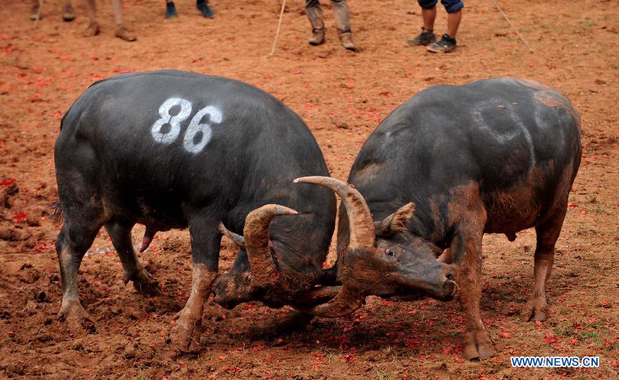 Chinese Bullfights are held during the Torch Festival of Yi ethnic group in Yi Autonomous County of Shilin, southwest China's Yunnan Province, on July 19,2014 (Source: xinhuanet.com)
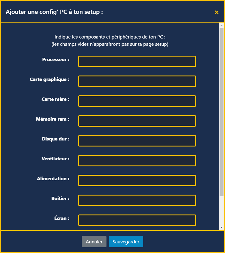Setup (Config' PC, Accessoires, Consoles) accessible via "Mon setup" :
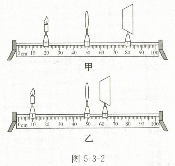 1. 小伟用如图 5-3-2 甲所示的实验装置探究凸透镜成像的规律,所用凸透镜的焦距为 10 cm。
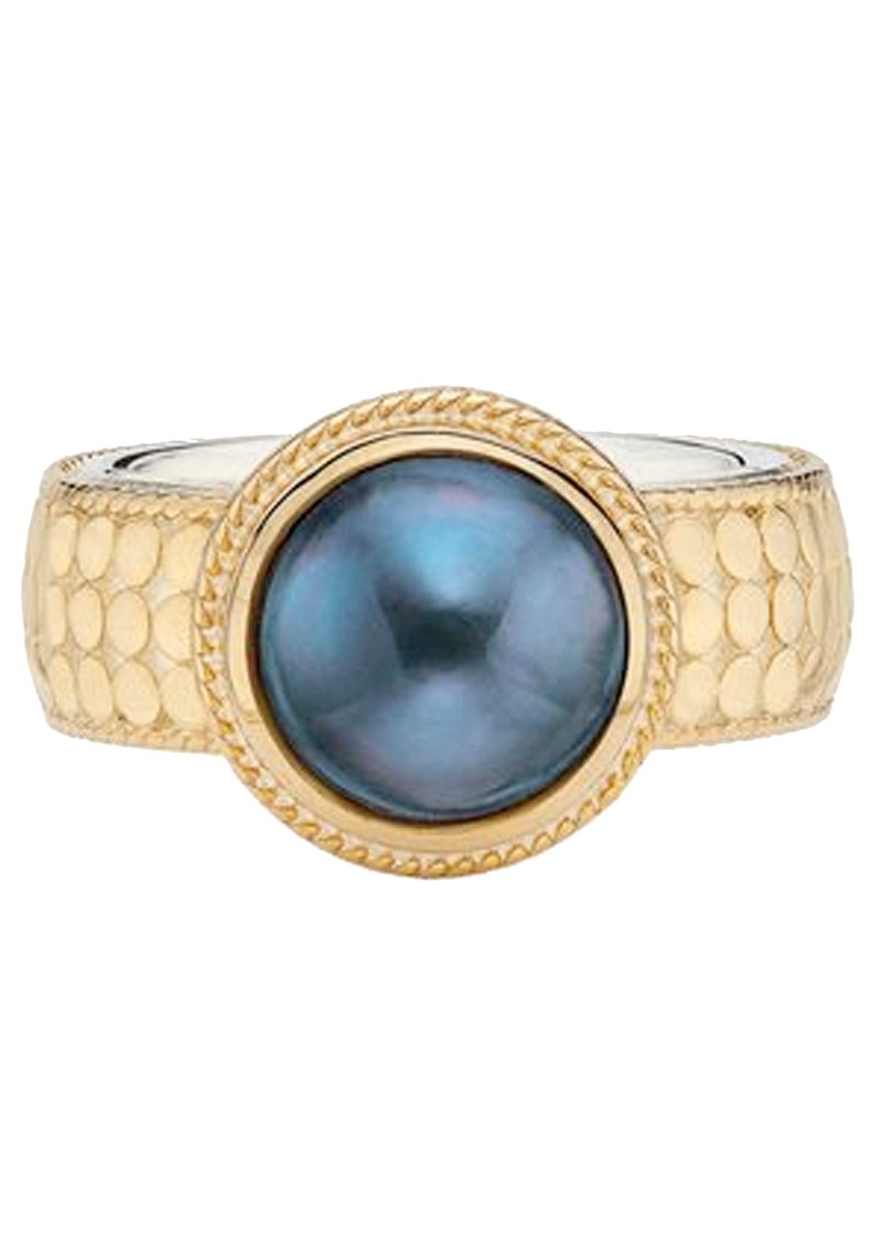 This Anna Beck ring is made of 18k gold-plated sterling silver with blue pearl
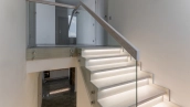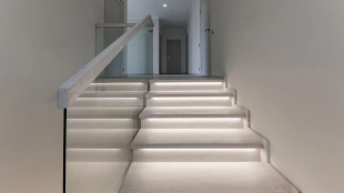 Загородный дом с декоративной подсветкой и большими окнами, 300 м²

━━━━━━

_What you are asked to do_:
Starting at the line that contains "1. 小伟用如图 5-3-2", output every line through the end of the data, both ends included, and nothing else; pictures stay out.

_Final answer_:
 1. 小伟用如图 5-3-2 甲所示的实验装置探究凸透镜成像的规律,所用凸透镜的焦距为 10 cm。
 This Anna Beck ring is made of 18k gold-plated sterling silver with blue pearl
 Загородный дом с декоративной подсветкой и большими окнами, 300 м²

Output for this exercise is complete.